Long Island’s D’Addario Launches NYXL Guitar String With Factory Tour, Rock Show...

The world’s largest maker of musical instrument strings, D’Addario & Company, unveiled its latest innovation—the NYXL electric guitar string—with a tour of its new factory in Farmingdale and a special concert at Guitar Center in Carle Place featuring virtuoso performances by Vernon Reid, Robben Ford, Oz Noy, Earl Slick, Alex Skolnick and Guthrie Trapp.

The May 1st product launch started earlier in the day with a close-up look at D’Addario’s new carbon steel wire mill, which it had relocated from Massachusetts to Farmingdale with assistance from New York State’s Empire State Development Corporation, Suffolk County and Babylon Town. Along with the factory expansion came 30 new jobs to Long Island. On hand for the tour were Empire State Development’s president and chief executive officer, Kenneth Adams, and Suffolk County Executive Steve Bellone.

“The name of these strings, NYXL, is also an important distinction for us,” said James D’Addario, chief executive officer and chairman of D’Addario & Company, which has been making strings for hundreds of years. “Our new steel wire has been formulated, created, crafted and perfected here in the Empire State. We are proud of our New York legacy, and even prouder that all or our strings originate at our Long Island home.”

He said the Farmingdale facility produces 700,000 strings a day, employs more than 1,000 employees worldwide (800 in New York), and distributes its products—which also include Evans Drumheads, Promark Drumsticks and D’Addario Woodwinds—in 120 countries.


Much of rock and roll owes its distinctive sound over the years to D’Addario’s electric guitar strings.

“The original formula, originating in the 1950s, used pure nickel, creating a characteristically mellow sound,” explained D’Addario. “In the early Sixties, my father, John D’Addario Sr., introduced a brighter sounding, second-generation nickel-plated steel string, which became the industry standard for the next five decades.”

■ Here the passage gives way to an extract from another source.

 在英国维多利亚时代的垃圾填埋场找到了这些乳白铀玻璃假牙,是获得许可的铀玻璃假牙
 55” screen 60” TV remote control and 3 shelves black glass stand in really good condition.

The new NYXL electric guitar stings have been re-engineered from the ball-end up, the company claims, to provide an unprecedented level of pitch stability and tensile strength. With 6 percent more magnetic permeability for higher output than other brands, NYXL electric guitar strings offer “more punch, crunch and bite.”

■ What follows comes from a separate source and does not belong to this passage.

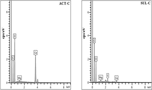 各種尺寸的活性炭和磺化炭的SEM圖像形態(tài)如圖1所示。。ACT-C和SUL-C催化劑的SEM圖像表明,白點代表無機成分。從圖像可以看出,活性炭具有不規(guī)則的致密結(jié)構(gòu),而顆粒看起來像具有光滑表面的顆粒。圖2顯示了ACT-C和SUL-C催化劑的EDX圖,并觀察到SUL-C圖中存在硫。此外,在ACT-C和SUL-C的圖中,還有一些額外的峰涉及雜質(zhì),因為碳源是廢物生物質(zhì),因此可能存在這些雜質(zhì)。如圖3所示,通過TEM分析了活性炭和磺化炭的形態(tài)和結(jié)構(gòu)。該TEM圖像ACT-C催化劑的“A”表示僅存在微孔,而SULC催化劑則顯示了“微孔”和“中孔”,這是由于活性炭材料上的磺化作用所致,在活性炭材料中產(chǎn)生了中孔。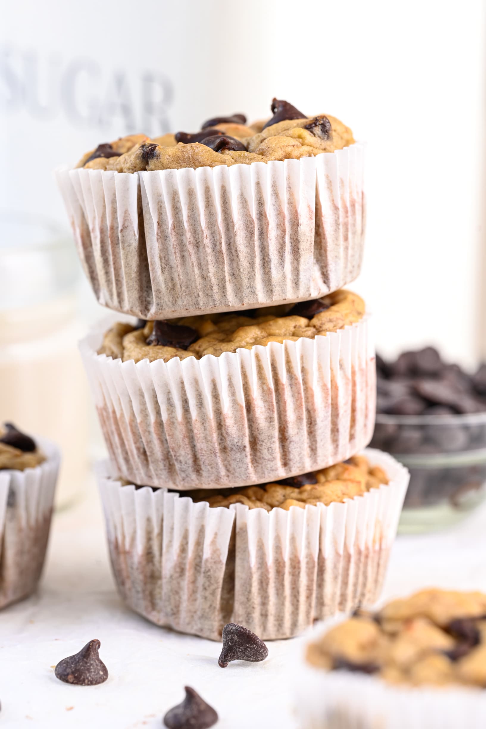 Divide the batter evenly between the muffin cups and top with more chocolate chips, if you desire.

“This is the strongest set of electric guitar strings ever made,” D’Addario said. “Arriving here wasn’t easy. Our engineers traveled many paths, starting with the selection of new high-carbon steel alloys, completely re-imagining the wire drawing process, and revolutionizing the corrosion-resistant tin coating application.”

Later in the day about 60 people, some wearing the tell-tale NYXL T-shirts, gathered at the back of the Guitar Center to hear the new strings be put through their paces by the talented fingers of some top rock guitarists.